* [TASK DETAILS]:
Without the images, write out the whole listing exactly.

* [INFORMATION SHOWN]:
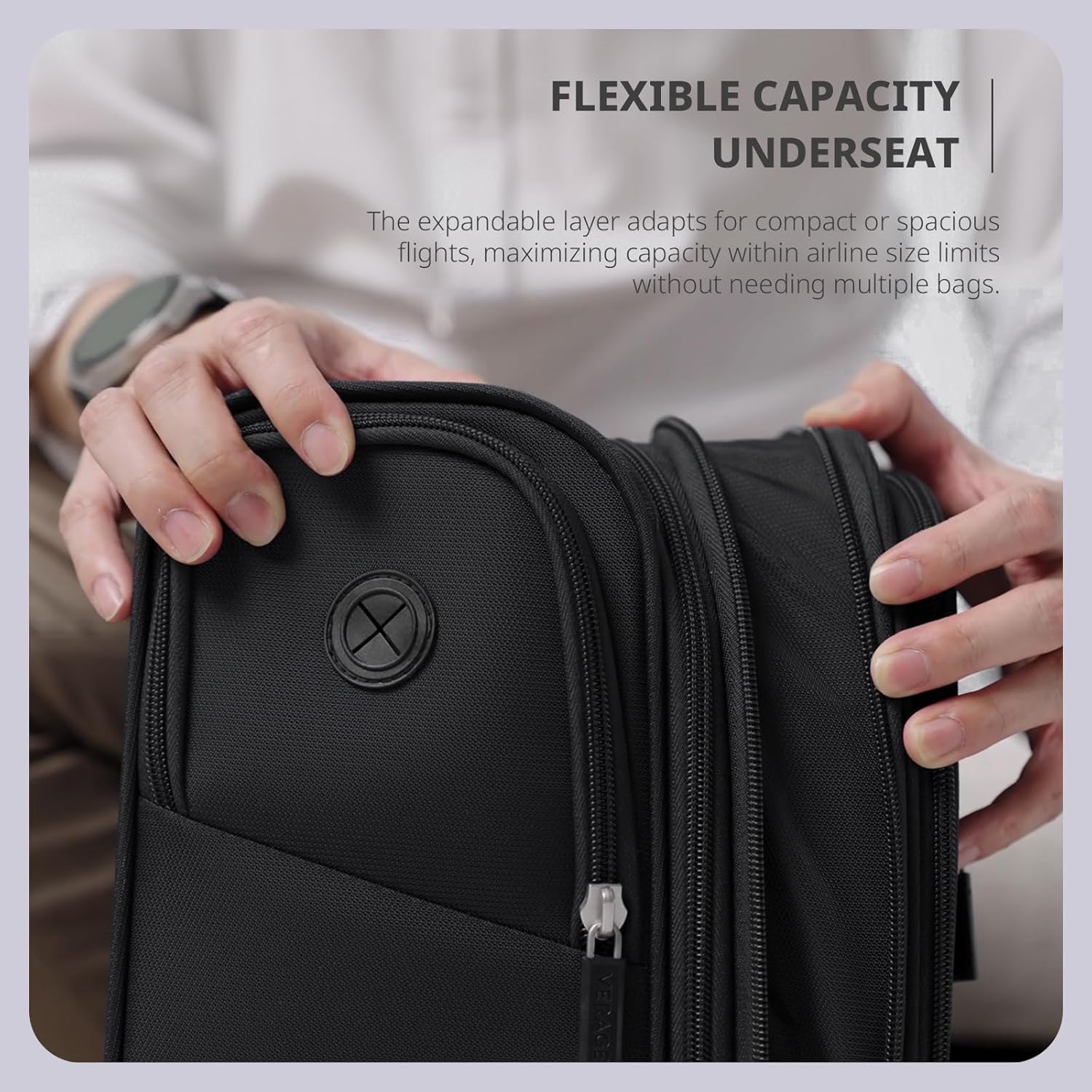 Verage Under Seat Luggage with Wheels, Softside Expanable Small Suitcase Carry On Luggage Bags for Airlines Airplanes Short Trip Men Women (Black, 16-Inch Rolling Underseat)
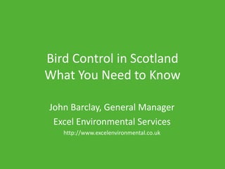 The document discusses bird control in Scotland, highlighting the problems caused by various bird species such as disease transmission, insect infestations, building damage, food contamination, safety hazards, and nuisance behavior. It emphasizes the legal basis for controlling birds within food hygiene regulations and details common urban pests like feral pigeons, house sparrows, starlings, and gulls, along with their habits and impacts. Methods for controlling gull populations, including proofing, egg management, and limited shooting, are also presented, noting the importance of professional services for effective bird control.
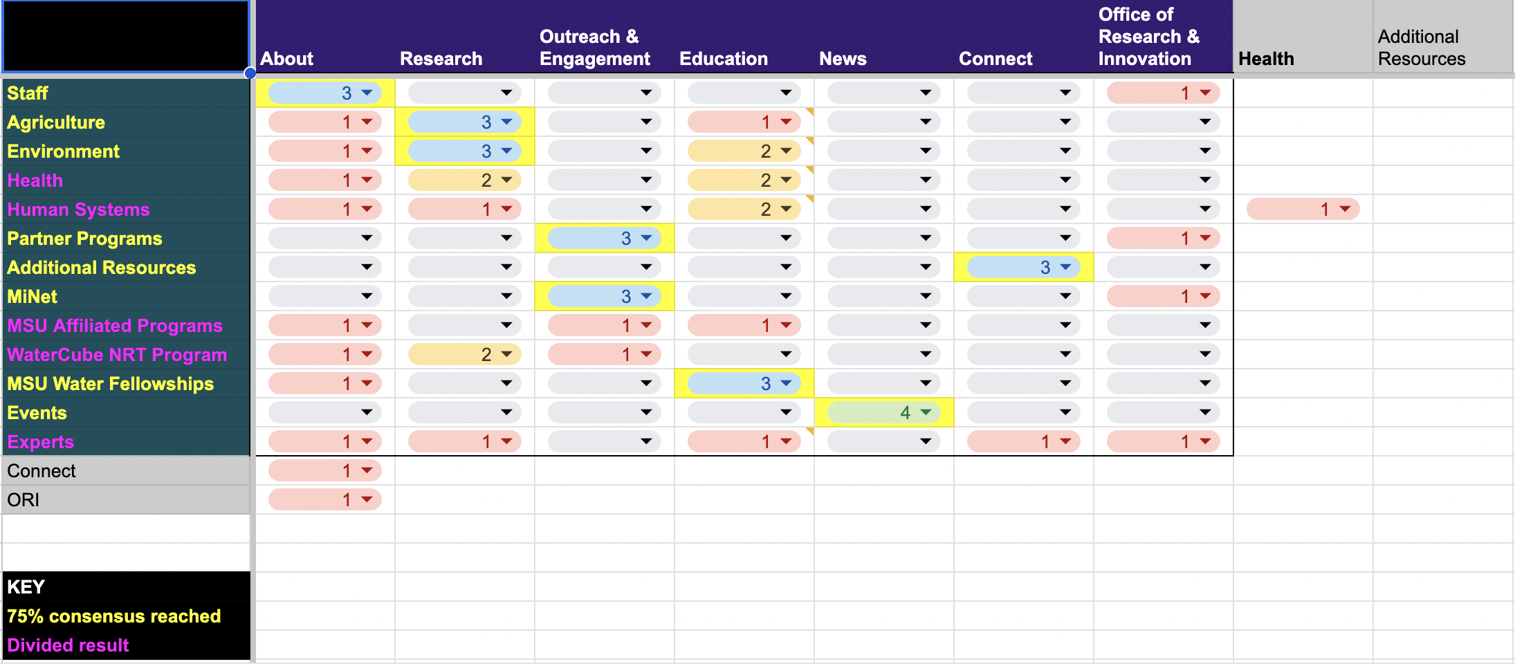 Identifying comparable sites: we analyzed MSU Institute for Global Health, the University of Maryland Global FEWtures Alliance, and the Cleveland Water Alliance. The first two were interdisciplinary networked organizations working toward solving global problems, both within BIG10 universities, which is similar to the structure of the MSU Water Alliance.The Cleveland Water Alliance provided a sense of how a similar organization’s information architecture might look when not confined to university brand standards.

* [EXPECTED ANSWER]:
 Verage Under Seat Luggage with Wheels, Softside Expanable Small Suitcase Carry On Luggage Bags for Airlines Airplanes Short Trip Men Women (Black, 16-Inch Rolling Underseat)
 The document discusses bird control in Scotland, highlighting the problems caused by various bird species such as disease transmission, insect infestations, building damage, food contamination, safety hazards, and nuisance behavior. It emphasizes the legal basis for controlling birds within food hygiene regulations and details common urban pests like feral pigeons, house sparrows, starlings, and gulls, along with their habits and impacts. Methods for controlling gull populations, including proofing, egg management, and limited shooting, are also presented, noting the importance of professional services for effective bird control.
 Identifying comparable sites: we analyzed MSU Institute for Global Health, the University of Maryland Global FEWtures Alliance, and the Cleveland Water Alliance. The first two were interdisciplinary networked organizations working toward solving global problems, both within BIG10 universities, which is similar to the structure of the MSU Water Alliance.The Cleveland Water Alliance provided a sense of how a similar organization’s information architecture might look when not confined to university brand standards.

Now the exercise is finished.